The dinner was fine last night.  Howells live in one of the sloozy suburbs, although it is probably not a bit more nice than Glen Ellyn or Wheaton.  Al and I went to the Philadelphia Forum and heard a lecture by Dr. Knight, an Englishman, on eagles.  He took a trip for the National Geographic into Africa to study one of the types there, and illustrated his lecture by motion pictures, still pictures, and slides of terribly funny sketches which he drew.  The climax came at the end of the lecture, when he had the lights turned up—and there was the eagle which he captured as a baby just a little over a year ago—thing did tricks and everything—about 4 foot wingspread.  He was an awfully good lecturer and I enjoyed it muchly.  We then went back to Howells, Al insisted that I spend the night with him, and hit the straw about midnight.  This morning, we woke up about eleven and spend an hour in bed.  He read me part of a novel which he wrote for a graduate course at Penn State.  It was excellent, and I believe I can talk him into rewriting parts of it and submitting it one of the magazines for publication.   After lunch, we window-shopped in Philly, spending most of the time in Wanamakers.
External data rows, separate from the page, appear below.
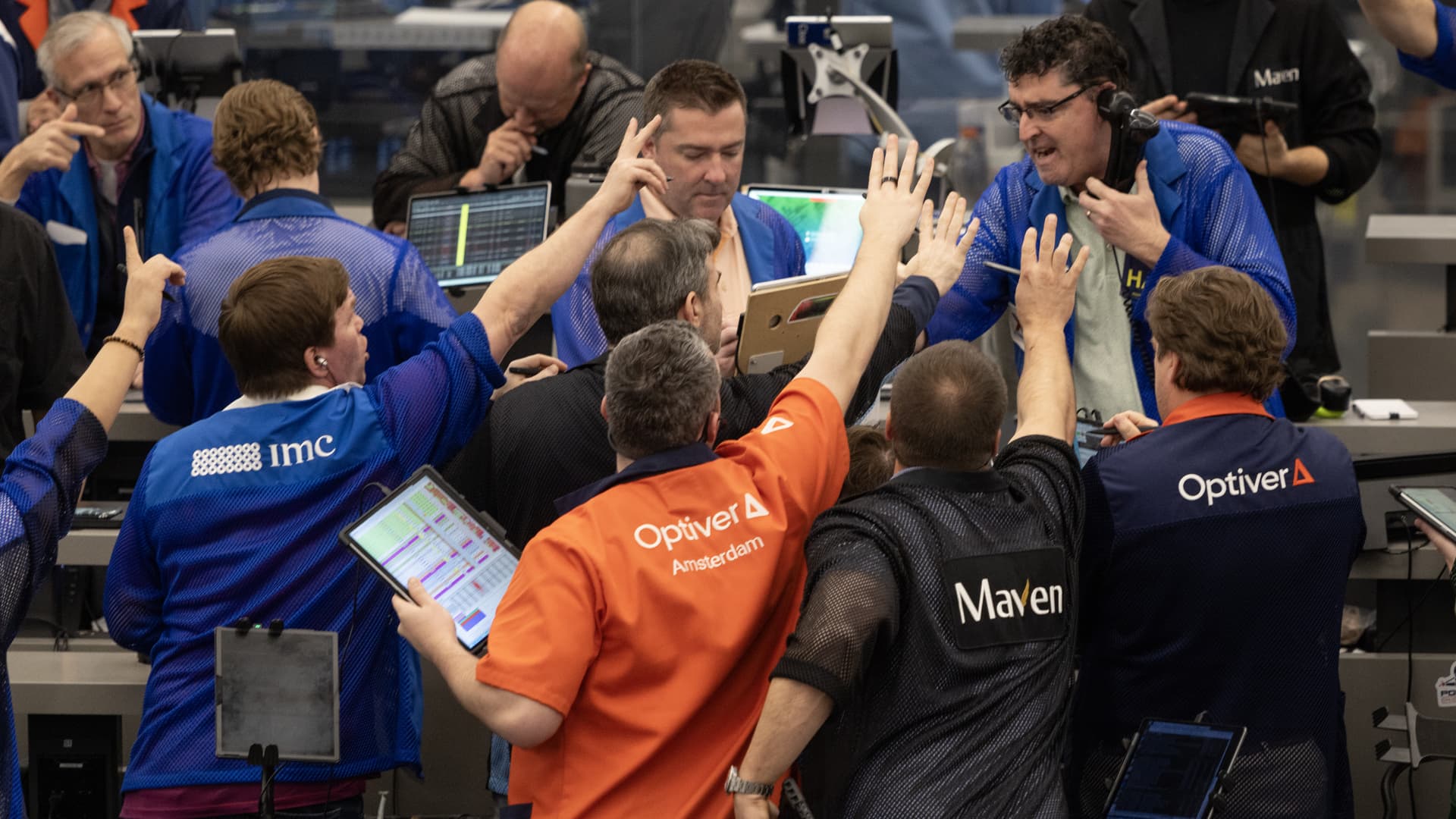 Os merchants sinalizam ofertas no espaço de negociação de opções S&P na bolsa Cboe International Markets em 31 de março de 2026 em Chicago, Illinois.
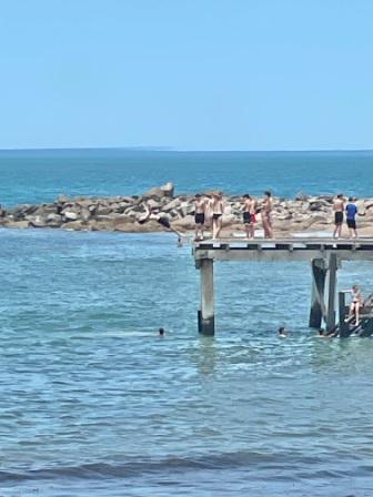There’s a small jetty, a pontoon for swimmers and for the safest day out in the water, stick to where the surf lifesavers have set up their flags on weekends.
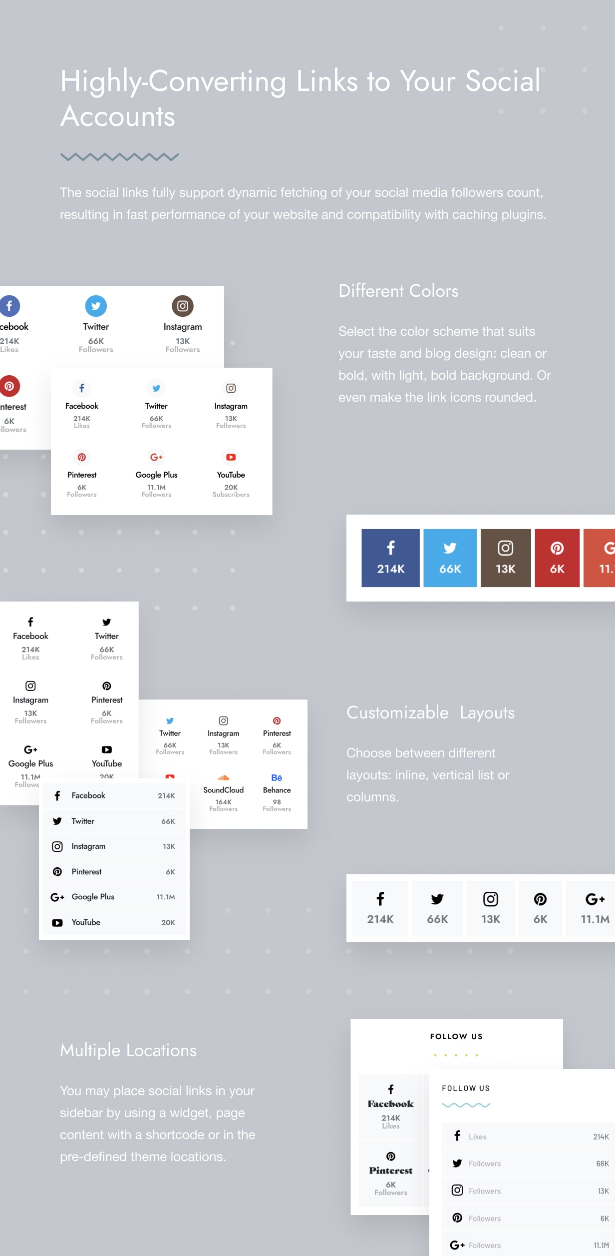 Just as the share buttons, the social accounts fully support dynamic fetching of your social media followers count, resulting in fast performance of your website and compatibility with caching plugins.
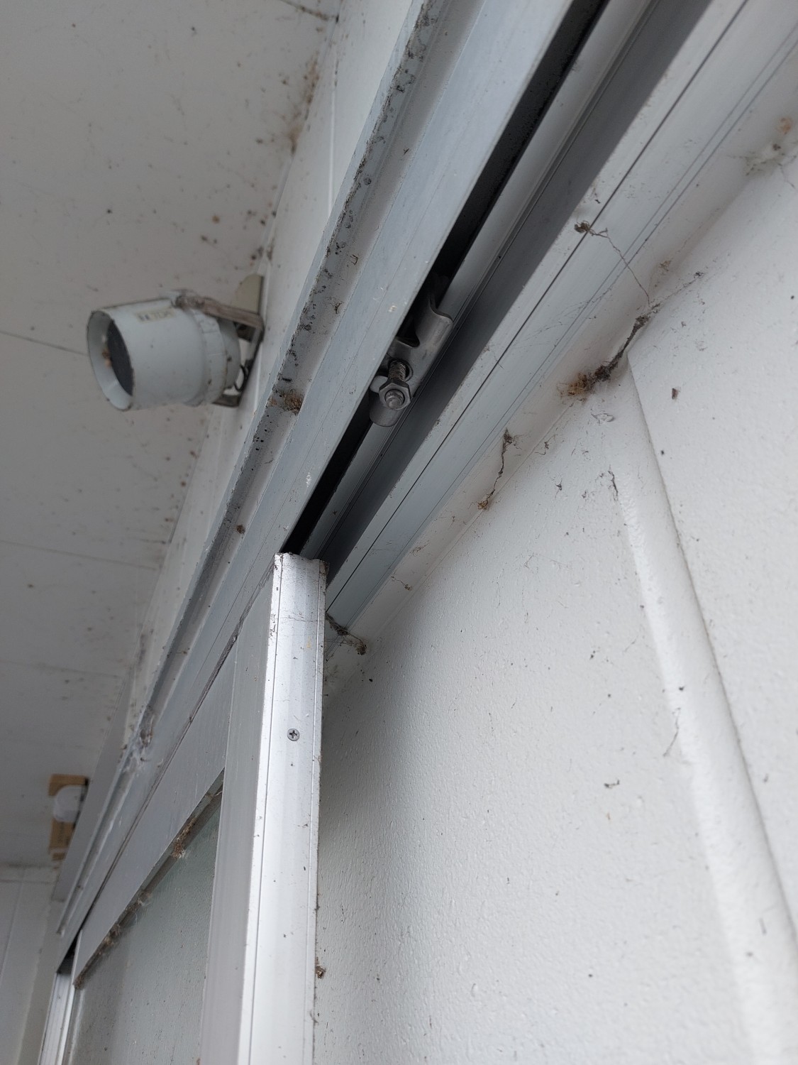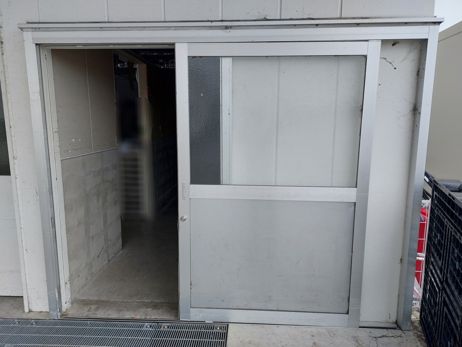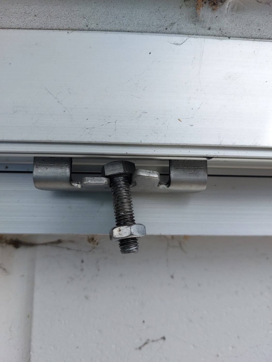 引き戸ドアにカゴ車がぶつかり、引き戸ドアの吊り金具が曲がる程の衝撃で、吊り金具が外れてドアが落ちていましたので、アルミサッシを外してドアを外してから吊り金具を外し、吊り金具の変形した箇所を成形し直して、潰れていました吊り金具のボルトとナットを交換しました。

Wanamaker’s Department Store Philadelphia, PA

Gee, I missed you.  I got back here about an hour ago.  I don’t know what I’ll do about the rest of the weekend—probably study or something.  I may take a hike in the morning if I feel like it.

Al’s father is apparently dead.  His mother is quite a sweet person, and they are all intelligent.  They are taking a trip to Havana in a couple of weeks, Al’s spring vacation (he teaches English and French in one of the high schools).  Also taking a trip abroad this summer.

Well, precious, I must hi me out to supper.  Don’t forget that you owe me some pictures of the new hairdo!  Haw haw.  You got stung on that deal, didn’t you.  I don’t know what I would have done at Aiken’s last week and Al’s this week without my two snapshots of my baby.  I have two at home and two with me.